==== Recorded data

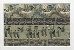 戦争プロパガンダの主なターゲットは、実際の戦力として期待された男性や少年だった。しかしこの帯は女性用だ。どんな色とも相性の良い淡いベージュ地の上を、武装した軍隊が行進する。兵士たちの軍服の裾や帽子の飾り、掲げている国旗や機関銃に細かい刺しゅうがあしらわれている。
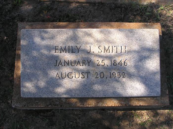 Smith Emily J 1-25-1846 8-20-1932 Per Ronald Wade - Emily J. Smith, born in Ark., she married in Ark. in 1863 to Beverly Lafayette Smith (died 1916 Big Sandy, Upshur Co., Texas) and they had five children only one of which was living by the 1900 Federal Census, Lucy M. Smith (1877-1954 Upshur Co., Tx. who was Lucy Smith Mack (Mrs. Clyde I. Mack) living in Big Sandy, Tx. in 1941.
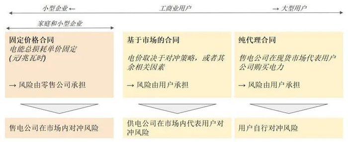 一般来说,居民用户和小型企业往往依赖于固定价格合同,而工商业用户的选择余地则更大。也存在一种“混合型合同”,其结构方式售电公司和用户共同承担风险:用户购电首先以市场为基础的方式进行,但随着交付日期的临近,用户在现有的基础上转换为固定价格合同,售电公司负责在期货市场和现货市场调剂负荷余量。
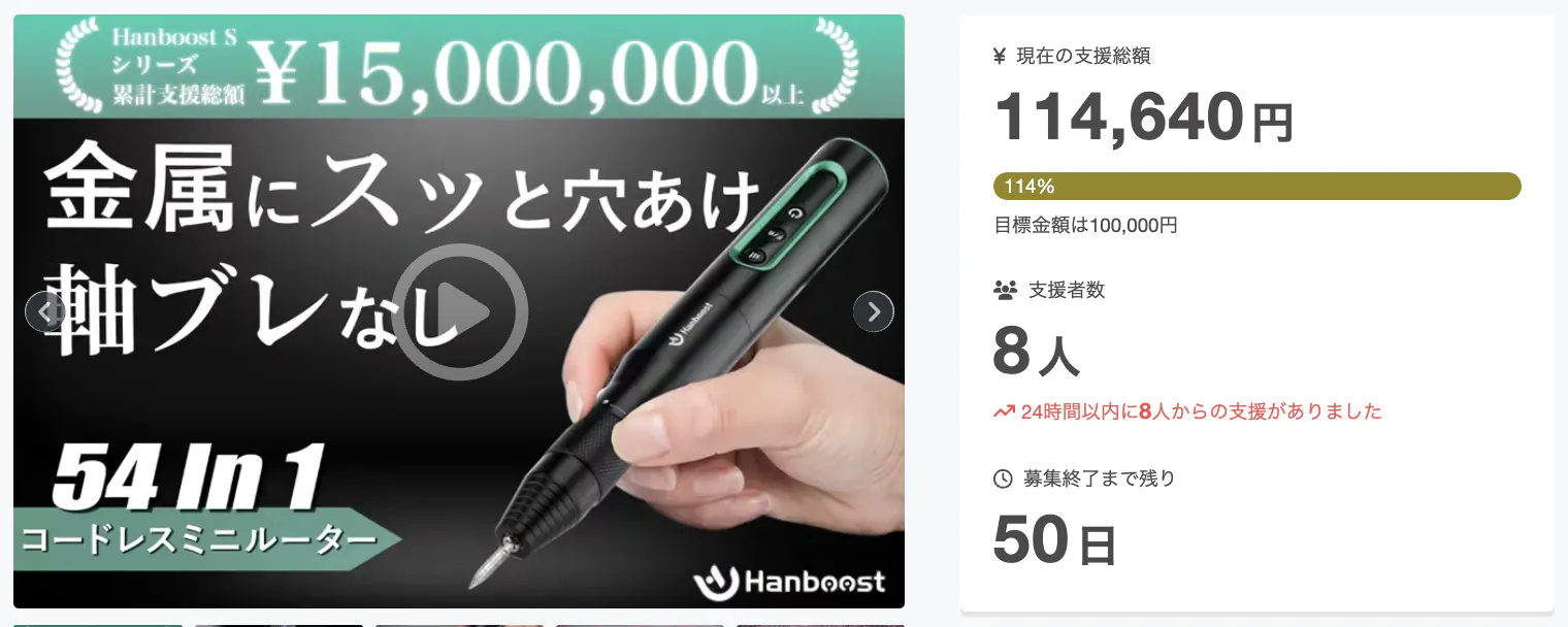 この度は「累計1100支援以上◎切る・彫る・磨く・穴あけがこれ1つ!多機能なミニルーター!」に支援頂き誠にありがとうございます!お陰様で、開始から7時間経たずに10万円の目標金額を100%達成することができました。ご興味のある方、ぜひ支援お願い致します。https://camp-fire.jp/projects/801291/viewBrightチームは、当プロジェクトをもっと多くの方に知っていただきたいと考えております。よかったら、FacebookやTwitter等のSNSでのシェア・拡散をお願い致します。#brightdiyどうぞよろしくお願い致します。Brightチーム
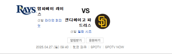 2025년4월27일 탬파베이 레이스 샌디에이고 파드리스/피츠버그 파이리츠 LA 다저스/마이애미 말린스 시애틀 매리너스 경기 분석 및 경기 예측을 소개하고자 합니다.
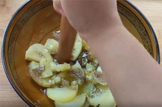2.然后我们加入适量的盐、黑胡椒粉,加入约15到20毫升的食用油,按压成细腻的土豆泥。
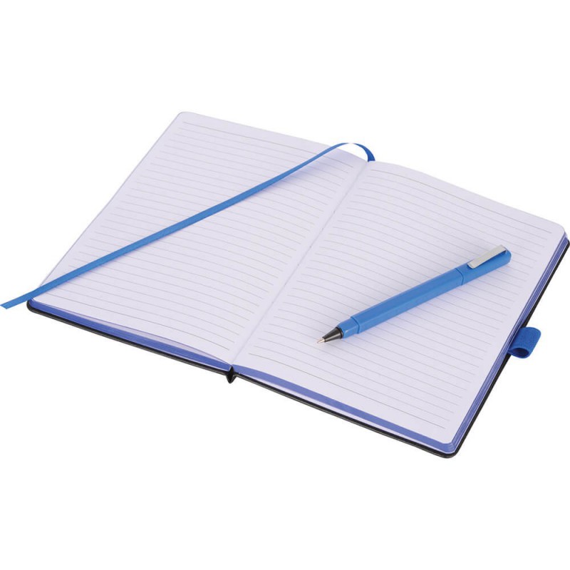 Exceptional A5 notebook with 70 leaves (140 pages) of 80gsm lined cream paper and a bookmark ribbon. It has a soft cover manufactured from recycled post-consumer polyester with an elastic closure.
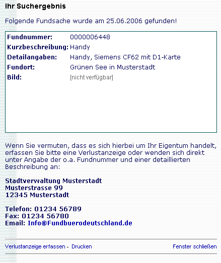 Durch einen Mausklick auf die Beschreibung erhält der Bürger detaillierte Informationen zu einer Fundsache.
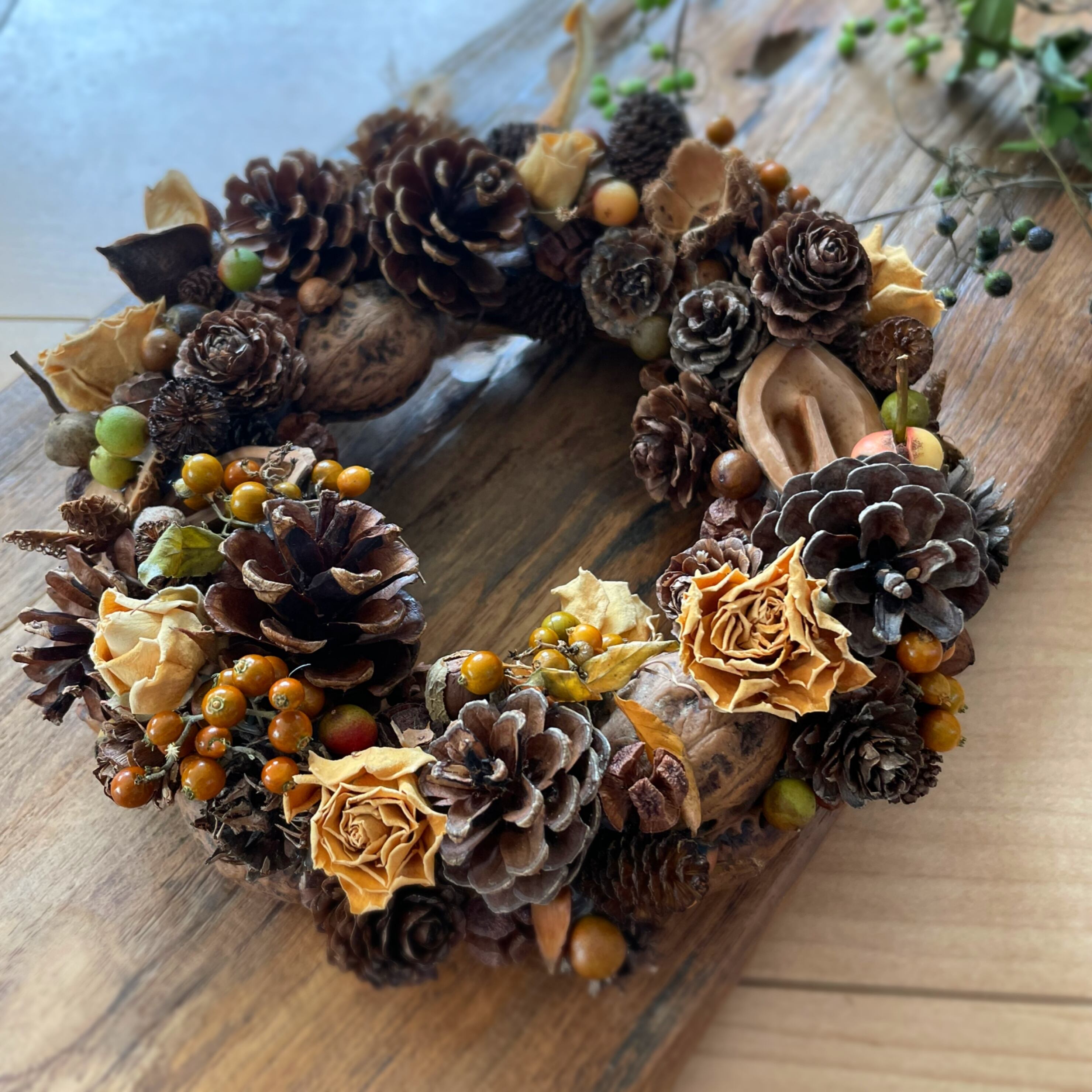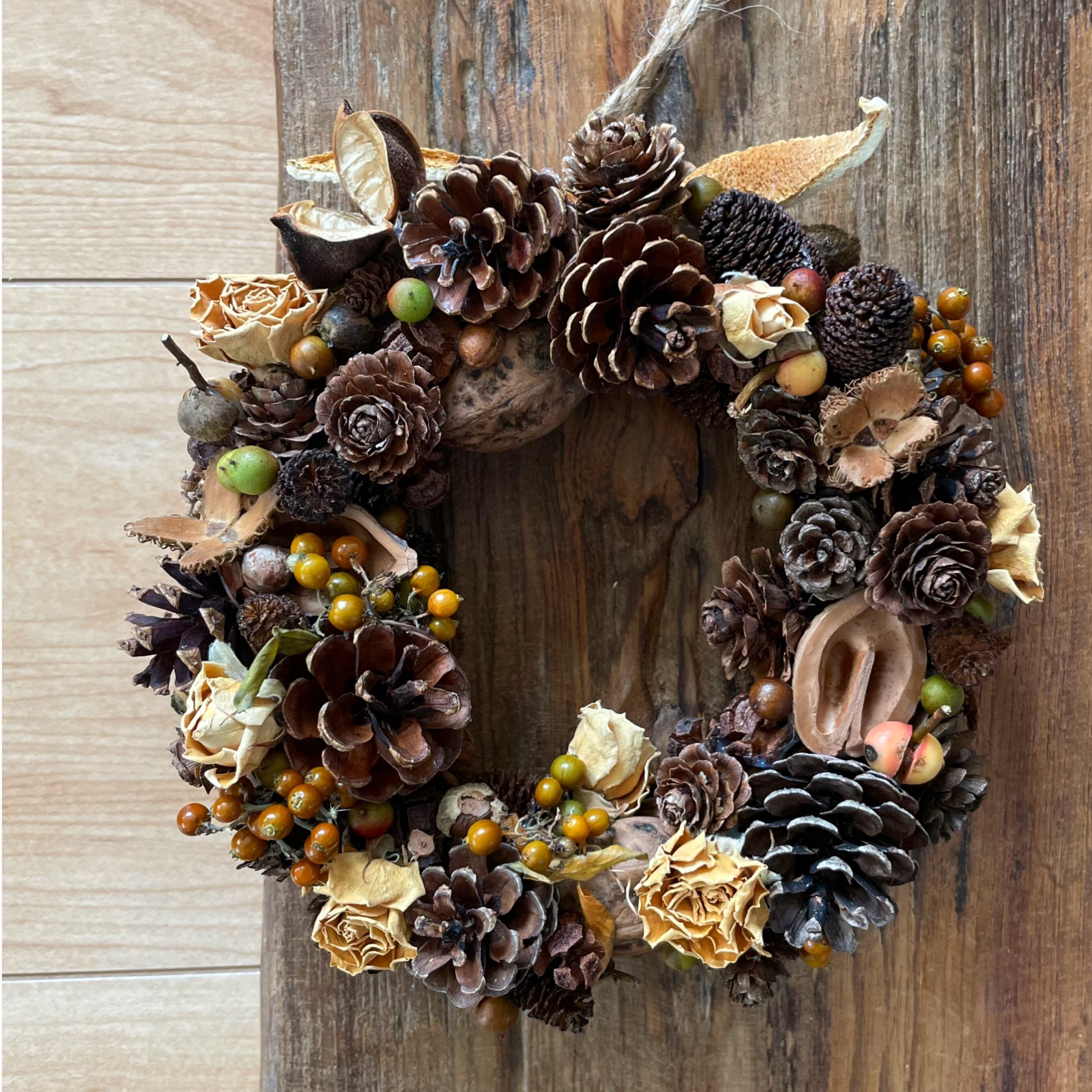 趣味で収集した松ぼっくりが溜まりすぎたことから始めたリース作りですが、ちょっと違う感じも作りたくなり、ついついドライフラワーのお店を覗いたら、ついつい買ってしまい、結局花材は増える一方、、、。
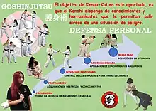 Goho correspond à l'apprentissage du système dur, qui utilise des coups de poing, des blocages, des esquives... Juho (柔法) Méthode douce. Le Juho correspond à l'apprentissage du système doux, c'est une méthode de combat qui correspond à des prises, des projections, des immobilisations, des étranglements et des luxations articulaires. Gojuho (剛柔法) Méthode hybride. Le système hybride Gojuho est le mélange des deux précédents, en les combinant de la manière la plus efficace ; c'est le système d'autodéfense le plus complet pratiqué dans le Kenpō Kai et donc une méthode efficace d'autodéfense.
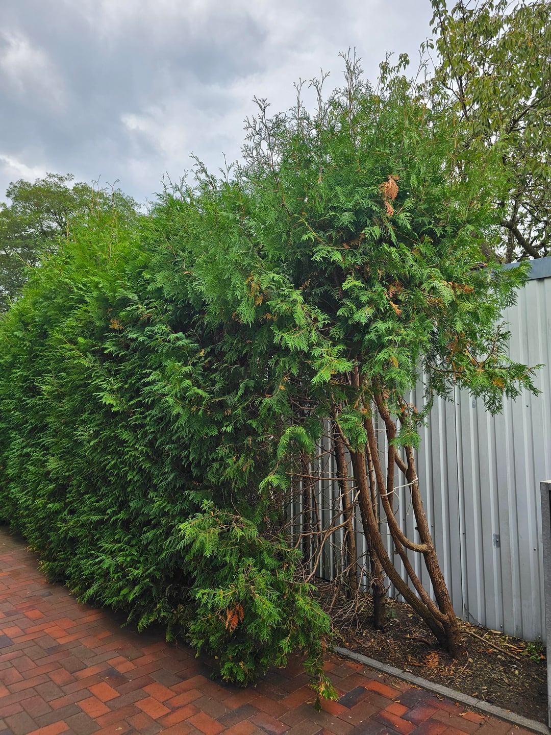 Am besten sieht dann so eine Thujahecke noch aus, wenn du alles bis zum Stamm schneidest. Andernfalls hast du da super viel Gestrüpp hängen, was wirklich keinen guten optischen Eindruck macht.
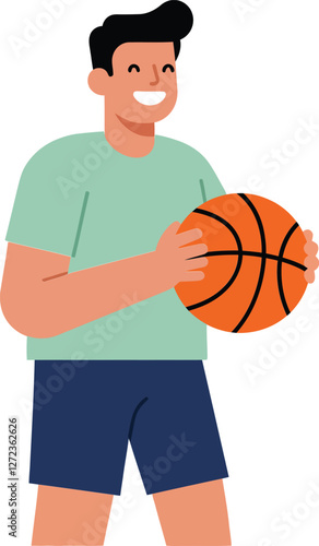 Athletic man smiling while holding a basketball in minimal vector illustration
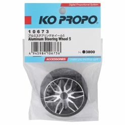 The KO Propo Aluminum Steering Wheel 5 is the replacement wheel for the EX-NEXT transmitter. However, it will work as an optional wheel for the EX-1, EX-2, EX-RR, EX-6, EX-6R, EX-LDT(KIY), NEXT, EX-5 and EX-10 transmitters. Package includes one steering wheel, backing plate and hardware.
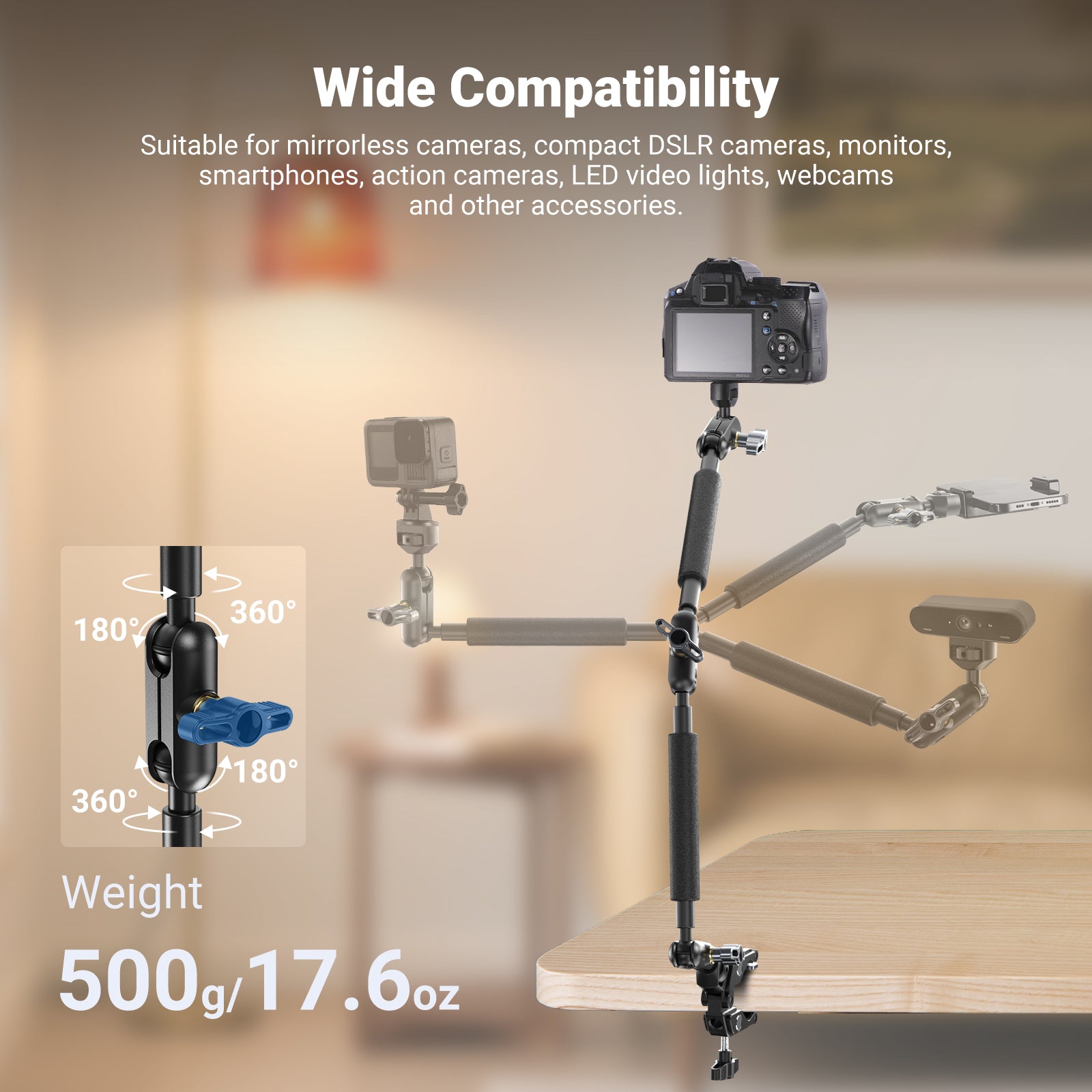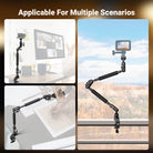 - Magic Arm with Super Clamp- Crafted from robust aluminum alloy, the low profile but super grip boom arm camera mount supports gear or equipment like DSLR mirrorless cams, action cameras, webcams, microphones (mics) or smartphones up to 500g/17.6oz. This table stand rig is ideal mounting accessories compatible with iPhone for overhead photography, vlogging, gaming, live streaming, video recording, Zoom calls and conferencing, videography, podcast, etc. Recommended for use in static situations

========

Problem - Above are records; repeat only the lines from the line with "この度は「累計1100支援以" through the line with "2.然后我们加入适量的盐、黑", and leave pictures out.

Solution to this exercise -
 この度は「累計1100支援以上◎切る・彫る・磨く・穴あけがこれ1つ!多機能なミニルーター!」に支援頂き誠にありがとうございます!お陰様で、開始から7時間経たずに10万円の目標金額を100%達成することができました。ご興味のある方、ぜひ支援お願い致します。https://camp-fire.jp/projects/801291/viewBrightチームは、当プロジェクトをもっと多くの方に知っていただきたいと考えております。よかったら、FacebookやTwitter等のSNSでのシェア・拡散をお願い致します。#brightdiyどうぞよろしくお願い致します。Brightチーム
 2025년4월27일 탬파베이 레이스 샌디에이고 파드리스/피츠버그 파이리츠 LA 다저스/마이애미 말린스 시애틀 매리너스 경기 분석 및 경기 예측을 소개하고자 합니다.
2.然后我们加入适量的盐、黑胡椒粉,加入约15到20毫升的食用油,按压成细腻的土豆泥。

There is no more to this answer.